Among all the recent efforts to criminalize free speech, Tennessee's Legislature gets the top award for sheer chutzpah. As Ars Technica reports, the state's governor, Bill Haslam, this month signed a bill making it a crime to "transmit or display an image" that is likely to "frighten, intimidate or cause emotional distress" to anyone who sees it. Importantly, Ars notes that "if a court decides you 'should have known' that an image [would] be upsetting to someone who sees it, you could face months in prison and thousands of dollars in fines."
While the whole statute stands on weak constitutional grounds, that last nuance seems particularly shaky -- and dangerous. That's because of the special jurisprudential protections granted to core political speech -- much of which is consciously intended to upset those who are exposed to it. Indeed, you may be upset by that antiabortion group mailer showing a photo of a fetus, or you may be upset by the antiwar ad showing graphic images of battlefield violence, but that's constitutionally protected speech (as is, by the way, your right to subsequently express your outrage at the images).

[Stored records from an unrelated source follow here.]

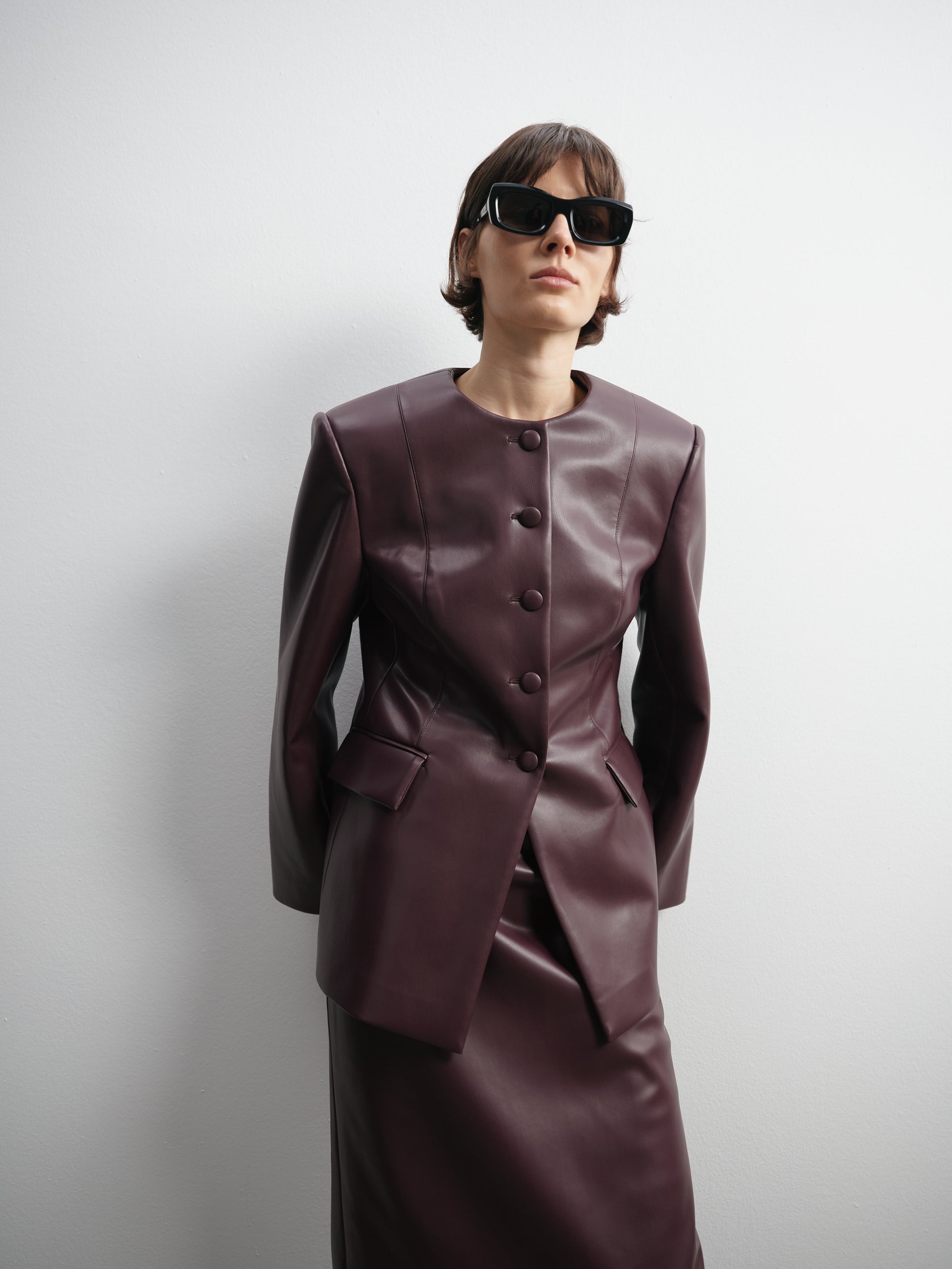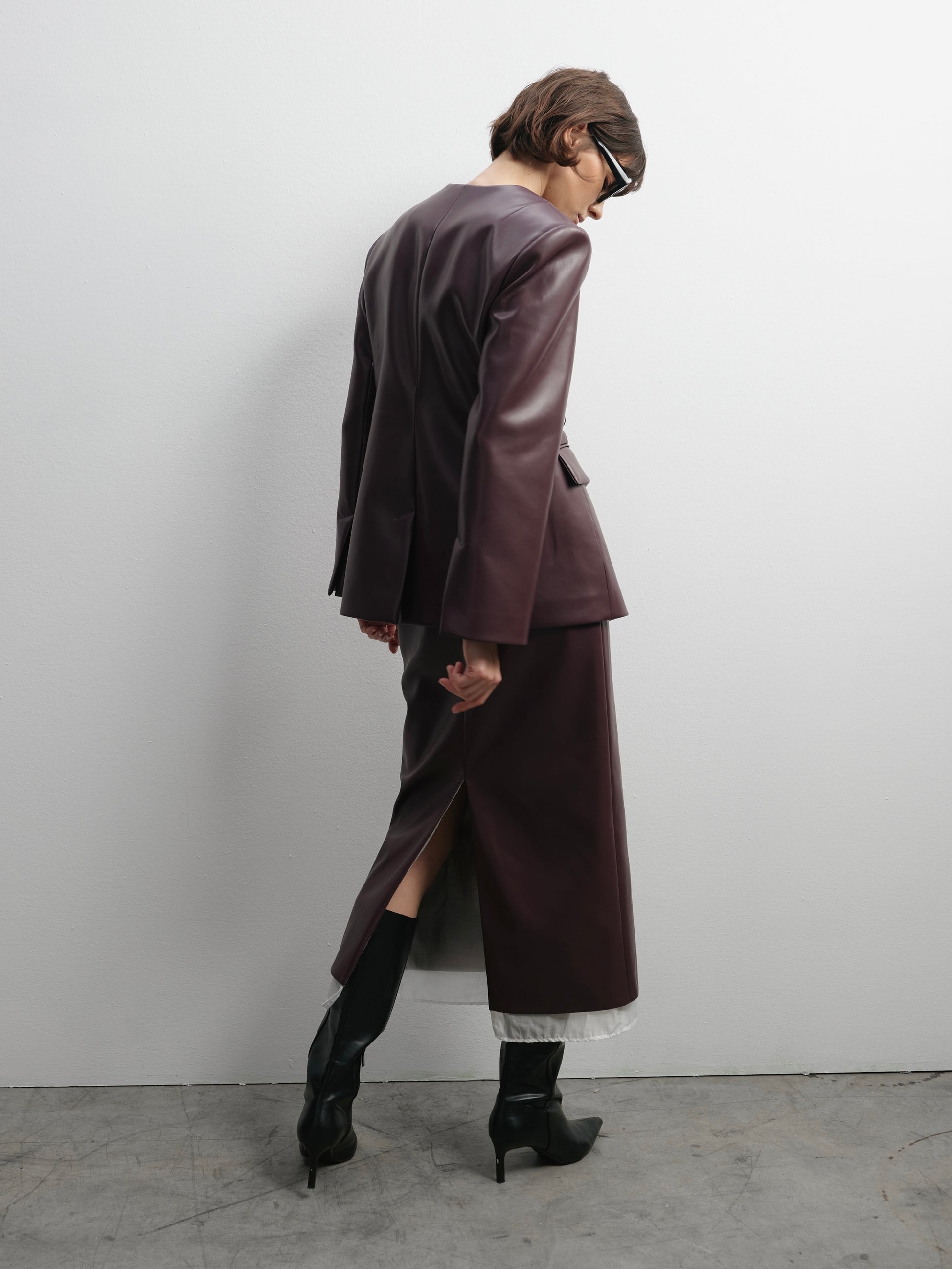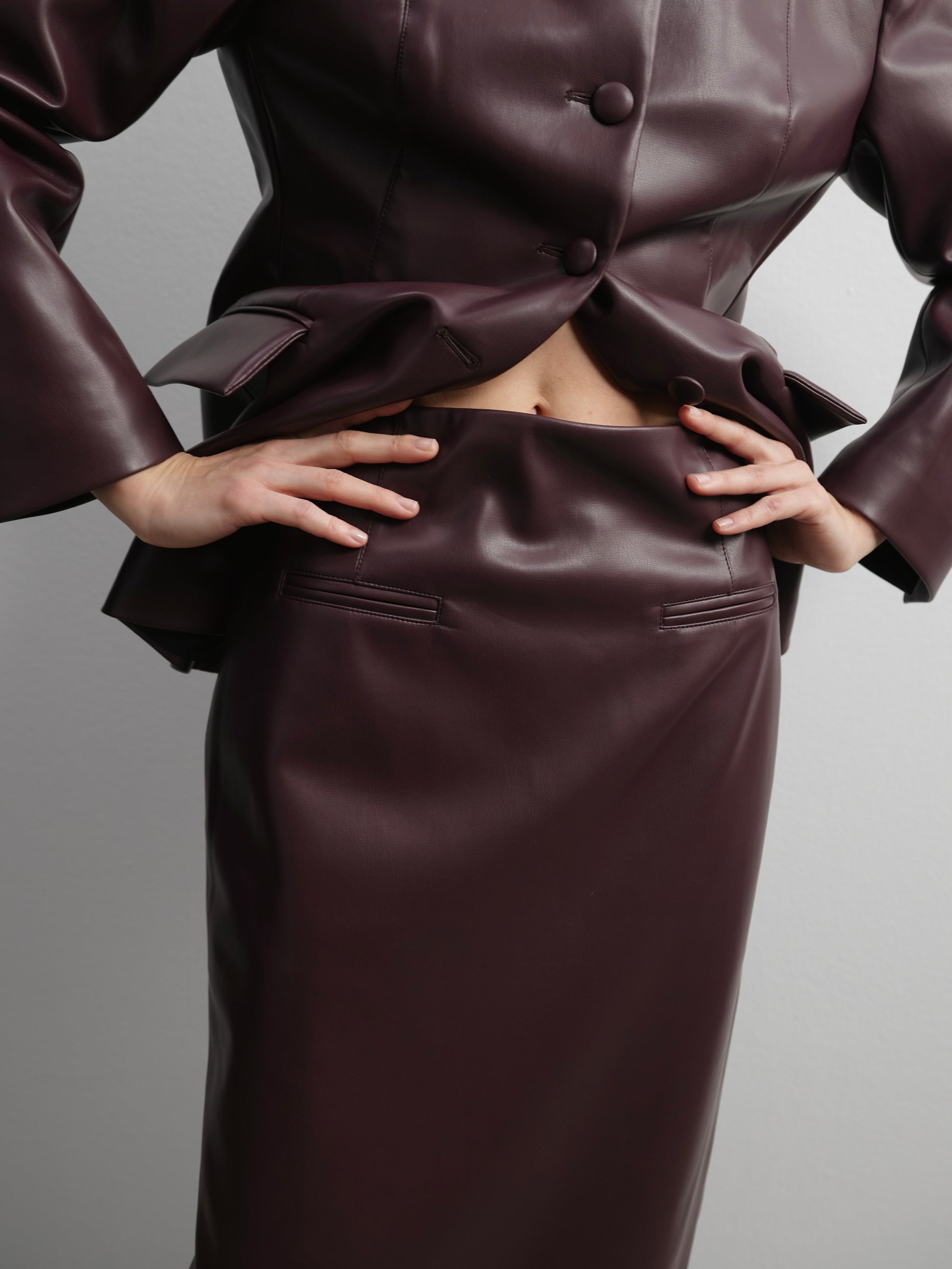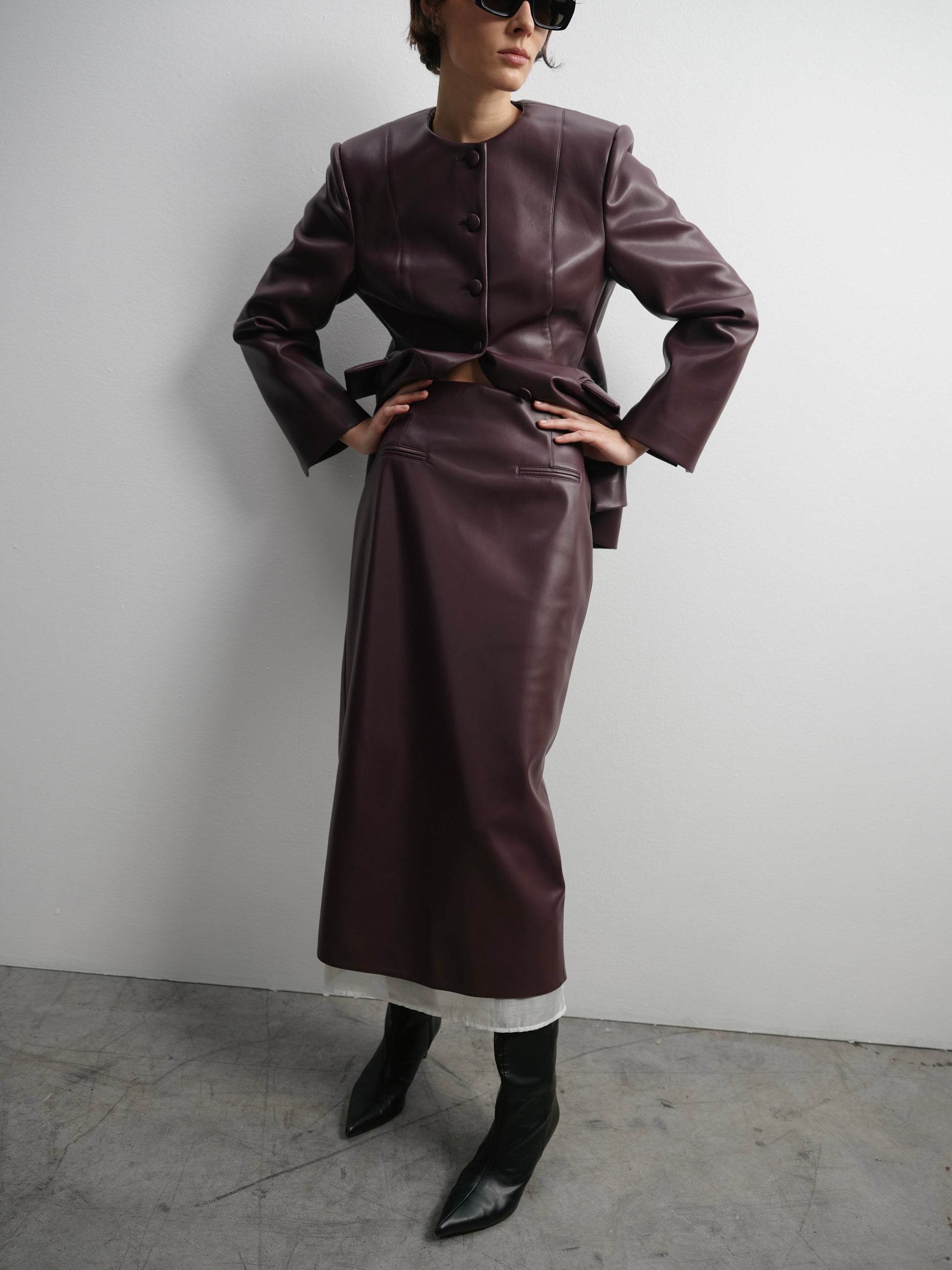 Спідниця сливова еко - шкіра з контрастною підкладкою
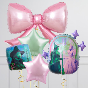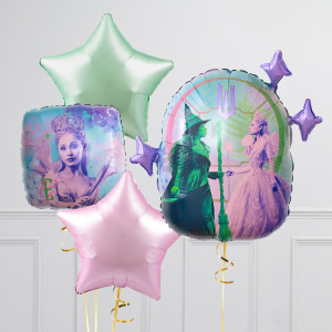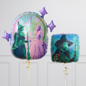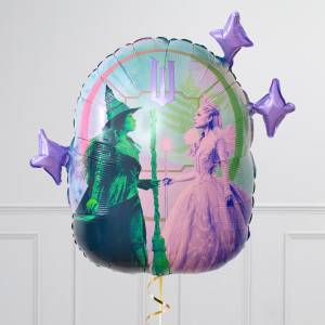 A helium-inflated 26" Wicked for Good balloon on ribbon and a weight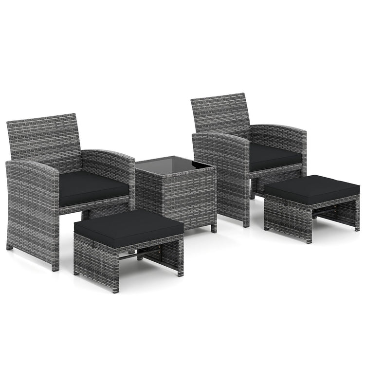 5 Pieces Patio Furniture Set PE Wicker Outdoor Lounge Chairs with 2 Ottomans, Black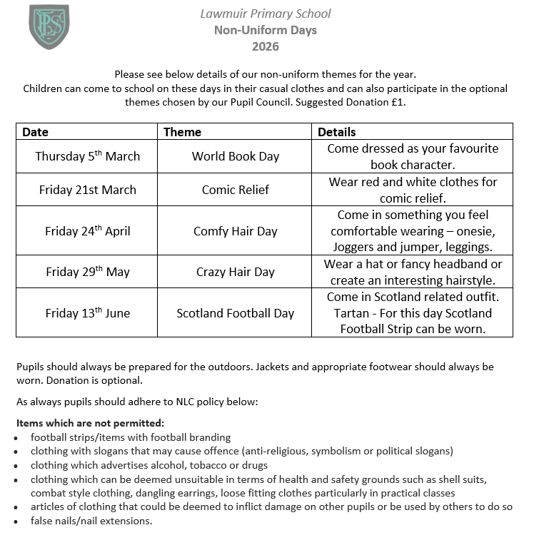 • Non-Uniform Days 2026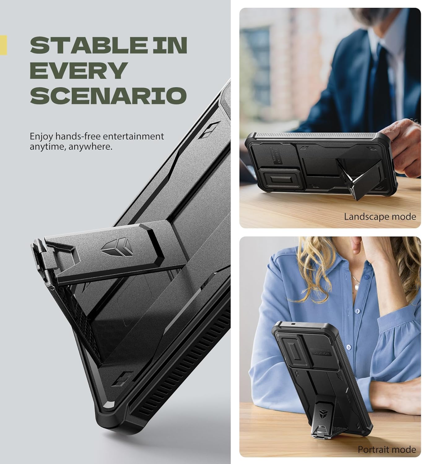 Élvezze a kéz nélküli szórakozást bárhol, bármikor! A beépített kitámasztó lehetővé teszi, hogy telefonját kényelmesen vízszintes (landscape) vagy függőleges (portrait) módban állítsa fel. Ideális videónézéshez, videóhívásokhoz, online tartalmak böngészéséhez vagy akár főzés közbeni receptek követéséhez.

At least some Tennessee lawmakers who support the statute would no doubt insist that those examples have a "legitimate purpose," which would exempt them from punishment. However, as Iowa State Daily columnist Claire Vriezen astutely points out, "the phrase 'legitimate purpose' is open to interpretation." That "interpretation" part is no theoretical problem -- it's one that could hit courts very soon, thanks to Tuesday's tobacco-related announcement by the Food and Drug Administration.
Tennessee is a major tobacco-producing state, which suggests there will be no small number of Tennesseans who may feel "frightened, intimidated or emotionally distressed" by new FDA-mandated warning ads that, according to the Associated Press, "depict in graphic detail the negative health effects of tobacco use." These ads, announced Tuesday, include images of "rotting and diseased teeth and gums and a man with a tracheotomy smoking" after a World Health Organization survey found more than 25 percent of foreign smokers said such graphic labels led them to consider quitting. (You can view all nine warning labels below).
The ads, in other words, pose a genuine threat to a major Tennessee industry that has lots of eager-to-litigate lawyers and lots of clout with politicians. Now, thanks to Tennessee's criminalization of free speech, that industry can wield a new statutory weapon against the speech it doesn't like. In a tobacco-state court composed of tobacco-state judges and tobacco-state jurors, this industry could realistically hope that such ads would be ruled illegitimate -- and further, that those who disseminate the ads are criminals. By design, that would undoubtedly create both a chilling effect of self-censorship among tobacco distributors (convenience stores, vending machine owners, etc.), and an innovative legal rationale for the industry to ignore the FDA's new warning-label mandate.
Of course, this all remains hypothetical right now. Big Tobacco, in fact, may not even be interested in such a court case, fearing that any extra attention to the FDA ads will only serve to educate more Americans about the negative health effects of smoking. But that's not the point, because if it's not the tobacco industry that attempts to hijack government censorship power then it will certainly be another industry -- as has already happened in other states including Iowa, Florida, Ohio and Minnesota, where agribusiness has recently been trying to statutorily bar revelations about factory farms. In all of these cases, the bottom line remains the same: When the government criminalizes First Amendment expressions, all it is really doing is using state power to preference one set of voices over another.
By definition, that is the opposite of "freedom" and, when inevitably done for industry objectives, the hallmark of a Corporate Police State.